• _REQUIRED ACTION_
Once the line containing "1881 '1/2' on" is found in the data below, repeat it and every later line exactly, leaving the pictures out.
──────────
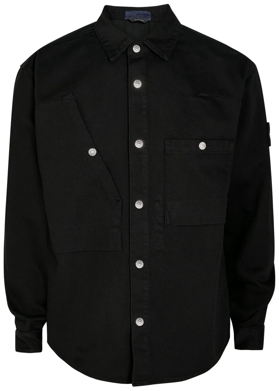 Info & Care Stone Island denim overshirt Detachable designer plaque at sleeve, press-stud fastening cuffs, press-stud fastening patch pockets, curved back hem, press-stud fastening internal patch pocket Press-stud fastenings through front 100% cotton Machine wash inside out to avoid colour transfer Size & Fit Length shoulder to hem: 26.5cm/ 67.5cm Midweight Relaxed fit Model is 6'1"/ 185cm, chest size 38.5 inches and wears a size medium
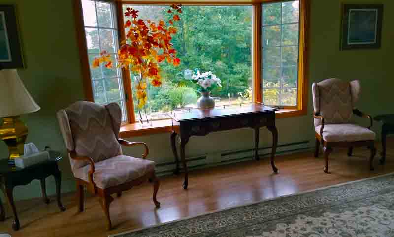 The Chapel may be personalized with the arrangement of flowers and the rearrangement of our beautiful Queen Anne Furniture.
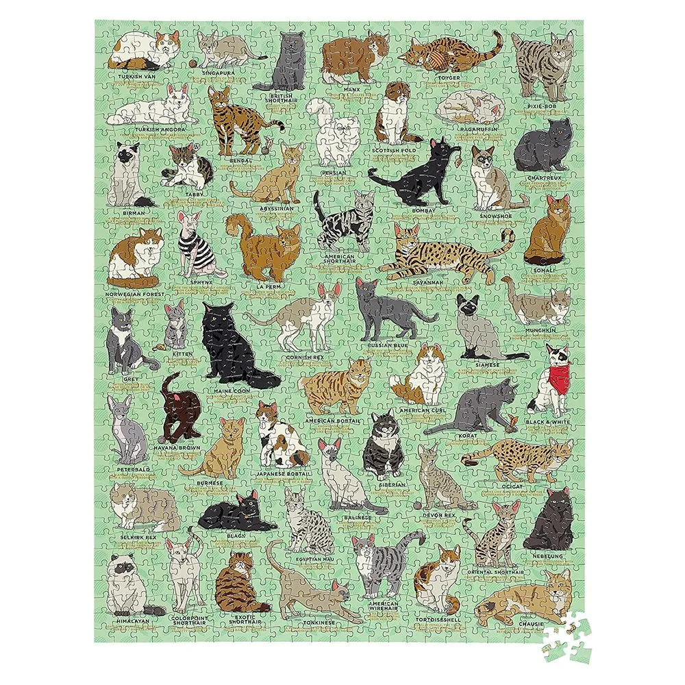 Пазл содержит 54 искусно нарисованных вручную иллюстрации кошек и интересные характеристики каждой породы.
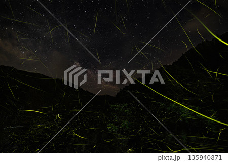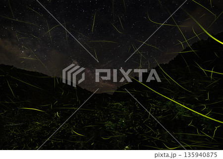 三重県 星空とホタルの舞う風景・夏イメージ
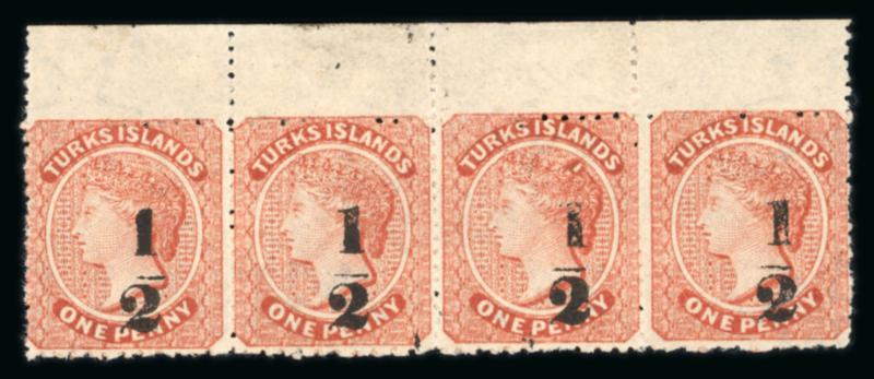 1881 '1/2' on 1d dull red (type 9) from Setting X in upper marginal horizontal strip of four with large part original gum. A fine and scarce multiple; cert. R.P.S. (1977). (Image)
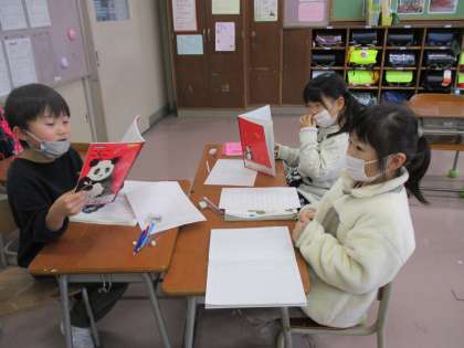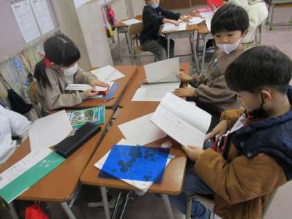 友達の「おすすめの本」を聞き合いました。知らなかった本をたくさん知ることができ、うれしそうでした。
──────────
• _TASK RESULT_
 1881 '1/2' on 1d dull red (type 9) from Setting X in upper marginal horizontal strip of four with large part original gum. A fine and scarce multiple; cert. R.P.S. (1977). (Image)
 友達の「おすすめの本」を聞き合いました。知らなかった本をたくさん知ることができ、うれしそうでした。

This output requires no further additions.